= Julian Edwin Bailes Sr. =

American judge (1915–2010)

Julian Edwin Bailes Sr. (January 1915 – February 1, 2010) was an American judge. He served on Louisiana's 10th Judicial District Court from 1960 to 1972. He was reportedly the last living witness to the assassination of Huey Long.

== Early life ==
Bailes was born in Longview, Texas in January of 1915 to Ethel (née Ballard) Larry Thaddeus Bailes Sr., who owned a timber business in Shreveport, Louisiana. Bailes graduated from Natchitoches High School, Louisiana State Normal College (now Northwestern State University) and Louisiana State University School of Law in Baton Rouge, LA in 1937.

While attending the Louisiana State University School of Law, Bailes worked part-time as an elevator operator at the Louisiana State Capitol in Baton Rouge. He was on-duty there and present on September 8, 1935 when Carl Weiss gunned down Huey Pierce Long Jr, a United States Senator and former Louisiana governor.

=== Military service ===
After admission to the Louisiana State Bar, Bailes set up his law practice in Natchitoches, LA in 1937. He married Georgia Gretchen Butler in September 1938, who died in childbirth the following year. In 1942, Bailes joined the U.S. Army and commanded a rifle company in the 255th Regiment of the 63rd Infantry Division, Seventh United States Army at the Battle of Bulge and was twice-wounded in action. After the war, Bailes returned to his private law practice in Natchitoches, Louisiana, and re-married in 1946 to Nell Sandefur.

== Judicial tenure ==

In 1948, Bailes ran as a Democrat and won the election for Natchitoches City Judge. He was reelected in 1954. In 1960, Bailes was elected to Louisiana’s 10th Judicial District and re-elected until his retirement from the bench in 1972 after which the Louisiana Supreme Court appointed Bailes to senior service on the Louisiana Courts of Appeal (1st Circuit, 3rd Circuit, and 4th Circuit), and the Louisiana Supreme Court.

=== Notable Court Cases ===

==== Gorman v.
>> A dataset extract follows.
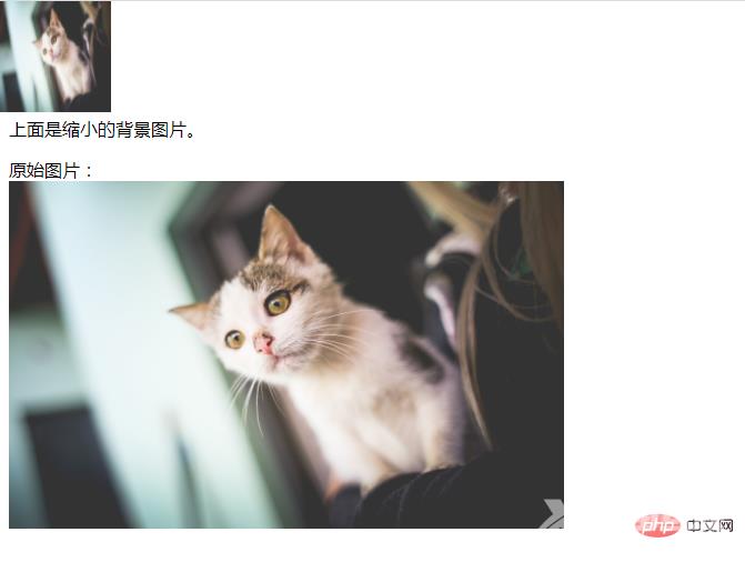 <!DOCTYPE html><html> <head> <meta charset="utf-8"> <style> body { background: url(img/5.jpg); background-size: 100px 100px; -moz-background-size: 100px 100px; /* 老版本的 Firefox */ background-repeat: no-repeat; padding-top: 80px; } </style> </head> <body> <p>上面是缩小的背景图片。</p> <p>原始图片:<br /> <img src="img/5.jpg" alt="Flowers"></p> </body></html>效果图:

Swaggert. ====
Televangelist Marvin Gorman brought a defamation suit in 1987 in Louisiana District Court against fellow TV preacher, Jimmy Swaggart. In his book, “Let Us Pray,” which recounts the trial over which Bailes presided, author Hunter Lundy wrote of Bailes that “he was not susceptible to political pressure from anyone.”

After a ten week trial, the jury, composed of ten women and two men, deliberated the evidence and Judge Bailes instructions for twenty-four hours before finding for Gorman and ordering Swaggert to pay him nine million dollars in damages, six hundred thousand dollars for defamation and four hundred thousand dollars for intentional infliction of emotional distress.

==== Louisiana v. Perez. ====
Leander Perez Jr., the District Attorney for Plaquemines Parish, Louisiana and State District Judge Eugene V. Leon, Jr., of Plaquemines Parish, were indicted together by State Attorney General William Guste alleging the two men quashed a pending indictment against Perez by preemptively dismissing the grand jury. Perez faced four counts and a possible 12-year prison sentence. Perez' father was noted "Dixiecrat" segregationist and Plaquemines Parish political boss, Leander Perez. The Louisiana State Supreme Court appointed Judge Bailes to preside over the case given the extraordinary legal and political implications.

== Later life and death ==
Bailes had five children with his second wife. He was a member of Trinity Episcopal Church Episcopal Church and served as a Lay Reader, Vestryman, and Sunday School Superintendent. Bailes died in Shreveport, LA on February 1, 2010, at the age of 95, as a result of complications of a stroke. The Louisiana House of Representatives passed a resolution sponsored by Representative Rick Nowlin, recognizing the life of Judge Bailes and his contribution to the state of Louisiana.